*** Block opens ***

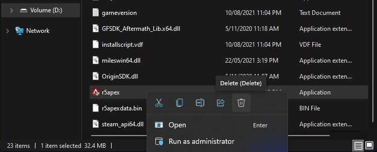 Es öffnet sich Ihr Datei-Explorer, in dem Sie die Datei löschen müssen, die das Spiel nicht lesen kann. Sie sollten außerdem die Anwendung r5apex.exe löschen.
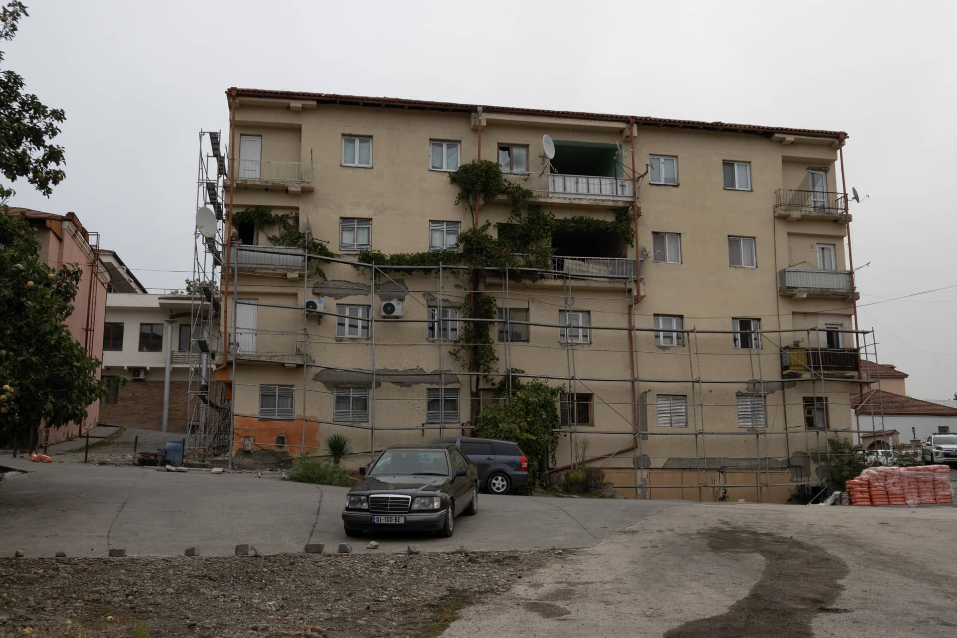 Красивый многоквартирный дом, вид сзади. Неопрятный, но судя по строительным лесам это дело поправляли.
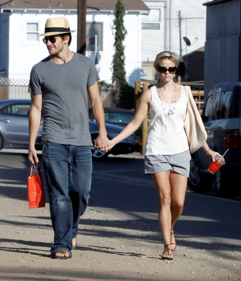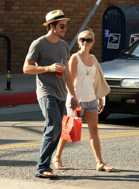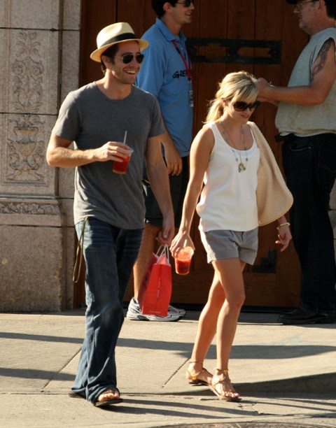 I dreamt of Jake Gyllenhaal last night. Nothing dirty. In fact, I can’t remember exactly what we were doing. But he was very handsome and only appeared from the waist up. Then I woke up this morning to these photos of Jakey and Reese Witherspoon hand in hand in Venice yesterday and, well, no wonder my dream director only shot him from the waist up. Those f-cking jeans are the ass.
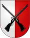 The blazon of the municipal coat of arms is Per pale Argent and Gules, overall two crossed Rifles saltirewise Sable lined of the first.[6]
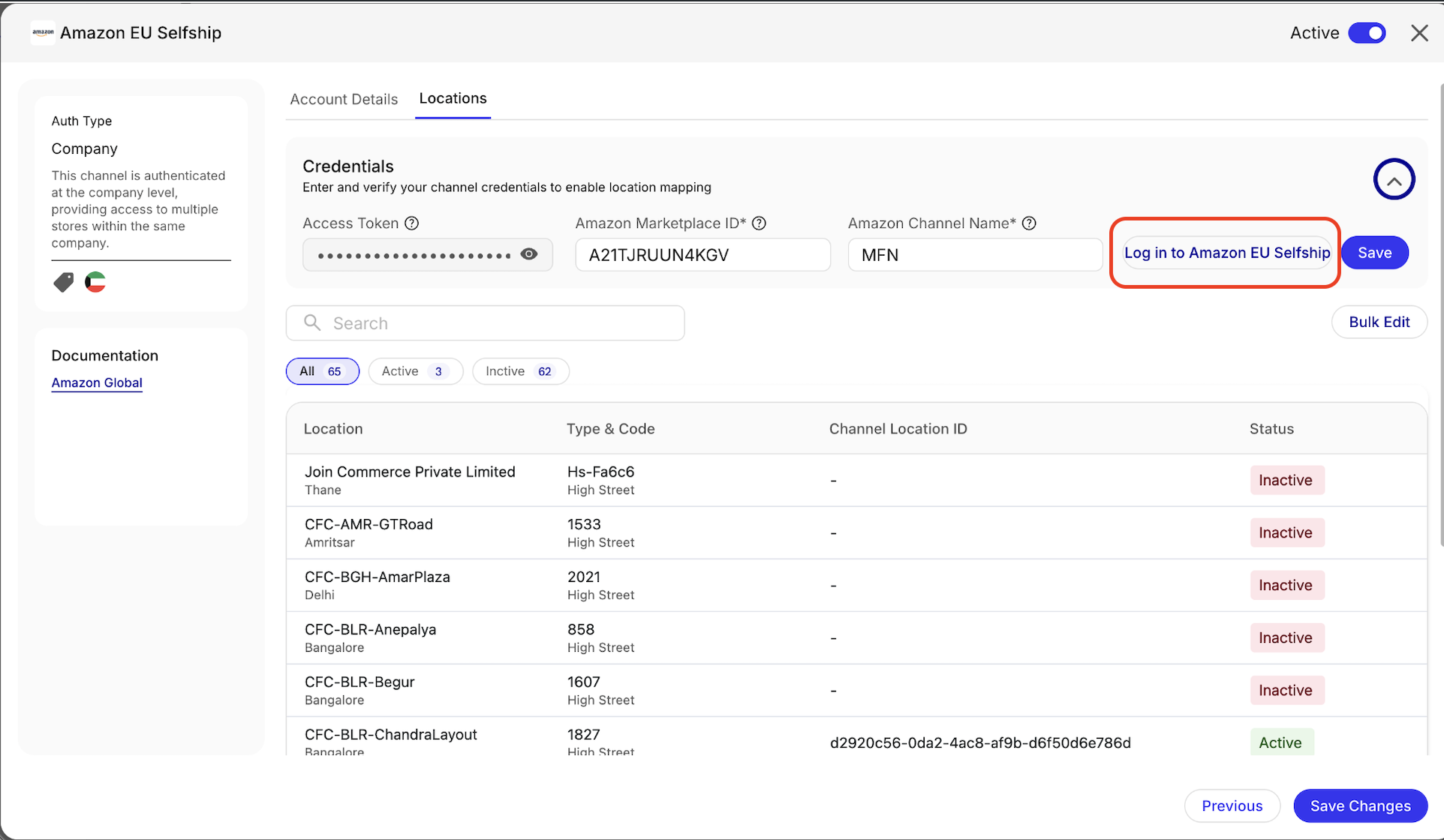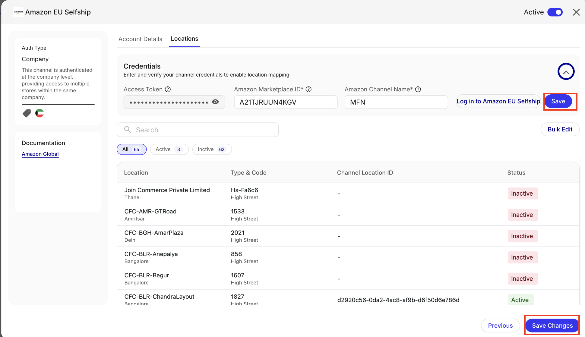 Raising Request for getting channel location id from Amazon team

*** Block closes ***

> [Work to be completed] Nothing but the lines from the one that contains "I dreamt of" through the last line of the records belongs in the answer, reproduced exactly, with no pictures.

> [Response area]
 I dreamt of Jake Gyllenhaal last night. Nothing dirty. In fact, I can’t remember exactly what we were doing. But he was very handsome and only appeared from the waist up. Then I woke up this morning to these photos of Jakey and Reese Witherspoon hand in hand in Venice yesterday and, well, no wonder my dream director only shot him from the waist up. Those f-cking jeans are the ass.
 The blazon of the municipal coat of arms is Per pale Argent and Gules, overall two crossed Rifles saltirewise Sable lined of the first.[6]
 Raising Request for getting channel location id from Amazon team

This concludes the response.